Les manifestations ont commencé dans plusieurs localités avant de gagner Khartoum. Plusieurs bâtiments et bureaux du parti du Congrès national (NCP) de M. Béchir ont été incendiés lors des premiers jours de la contestation.

Dimanche, des rassemblements ont eu lieu à Khartoum mais aussi, pour la première fois depuis le 19 décembre, à Al-Facher, capitale de l'Etat du Darfour-Nord, et à Niyala.
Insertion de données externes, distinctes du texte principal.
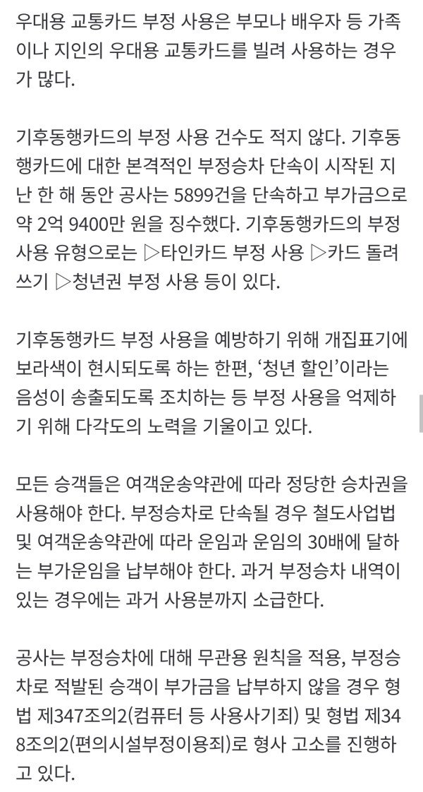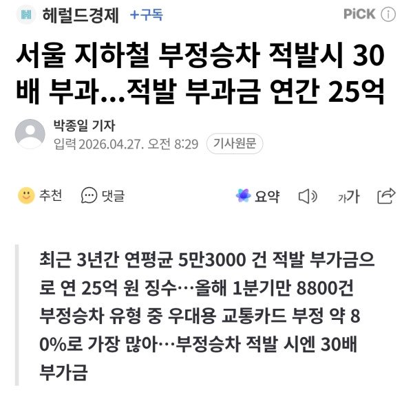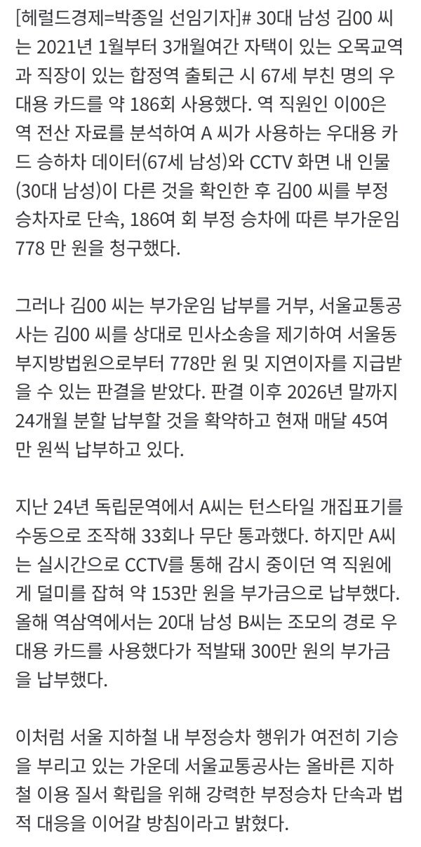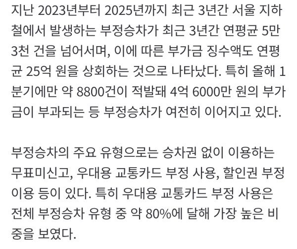최근 3년간 연평균 5만3000 건 적발 부가금으로 연 25억 원 징수…올해 1분기만 8800건 부정승차 유형 중 우대용 교통카드 부정 약 80%로 가장 많아…부정승차 적발 시엔 30배 부가금 지하철 [헤럴드경제=박

Ils ont été réprimés par la police à coups de gaz lacrymogènes, d'après des témoins.

Vaste comme la France, la région du Darfour, dans l'ouest du pays, est secouée depuis 2003 par un conflit opposant les forces soudanaises à des rebelles issus de minorités ethniques et s'estimant marginalisés par le pouvoir central.

Ce conflit au Darfour a fait plus de 300.000 morts et 2,5 millions de déplacés, selon l'ONU. Le président soudanais est, de longue date, sous le coup d'un mandat d'arrêt de la Cour pénale internationale (CPI) pour répondre d'accusations de génocide et crimes de guerre dans cette région.
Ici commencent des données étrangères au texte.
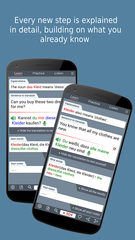 Achieve German fluency easily and naturally with an app created by a teacher with a lot of teaching experience.
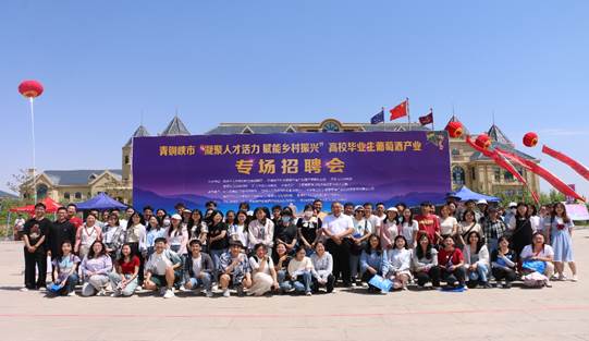 葡萄酒与园艺学院和自治区人力资源和社会保障厅、宁夏贺兰山东麓葡萄酒产业园区管理委员会、吴忠市人民政府、红寺堡区人民政府、宁夏葡萄酒与防沙治沙职业技术学院主办的青铜峡市“凝聚人才活力 赋能乡村振兴”高校毕业生葡萄酒产业专场招聘会在宁夏青铜峡市密登堡酒庄举行。

- "Problèmes économiques" -

Lundi, M. Béchir a réaffirmé que le Soudan était confronté "à des problèmes économiques" qui ne peuvent pas être résolus par des pillages et des incendies.

A Khartoum, des agents du puissant Service national du renseignement et de la sécurité (NISS) ont empêché lundi une manifestation de journalistes protestant contre l'interdiction cette semaine d'un journal, selon des témoins. "Al-Jadida" a été interdit de publication par les autorités durant plusieurs jours cette semaine, a dit un témoin à l'AFP sans autre précision.
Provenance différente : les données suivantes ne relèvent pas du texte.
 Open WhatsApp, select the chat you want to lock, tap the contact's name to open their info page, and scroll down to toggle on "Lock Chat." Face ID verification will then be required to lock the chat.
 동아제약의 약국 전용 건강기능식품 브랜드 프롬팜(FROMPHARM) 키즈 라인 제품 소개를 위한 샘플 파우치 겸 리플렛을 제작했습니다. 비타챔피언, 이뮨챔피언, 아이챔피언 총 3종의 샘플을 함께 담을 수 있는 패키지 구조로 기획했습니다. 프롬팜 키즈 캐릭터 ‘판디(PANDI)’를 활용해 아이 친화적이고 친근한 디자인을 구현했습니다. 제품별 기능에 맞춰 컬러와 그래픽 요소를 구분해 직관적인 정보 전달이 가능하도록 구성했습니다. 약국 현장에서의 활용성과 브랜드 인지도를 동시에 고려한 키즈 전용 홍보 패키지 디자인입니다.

L'Association des professionnels soudanais, qui regroupe entre autres des médecins, des professeurs et des ingénieurs, a appelé à de nouveaux rassemblements dans le cadre d'une "semaine du soulèvement".

Dimanche, la police a fait usage à Khartoum de "balles réelles", ont affirmé les organisateurs de la manifestation dans la capitale.

Des manifestations ont également eu lieu à Madani (centre) ainsi que dans des villages de la province agricole et pauvre de Gadaref (est).

Environ 1.000 personnes ont été arrêtées dans différentes localités du Soudan en trois semaines de manifestations, selon des groupes de défense des droits humains, notamment des militants, des leaders de l'opposition et des journalistes.

Amputé des trois quarts de ses réserves de pétrole depuis l'indépendance du Soudan du Sud en 2011, le pays est confronté à une inflation de près de 70% par an. Plusieurs villes souffrent de pénuries de pain et de carburant.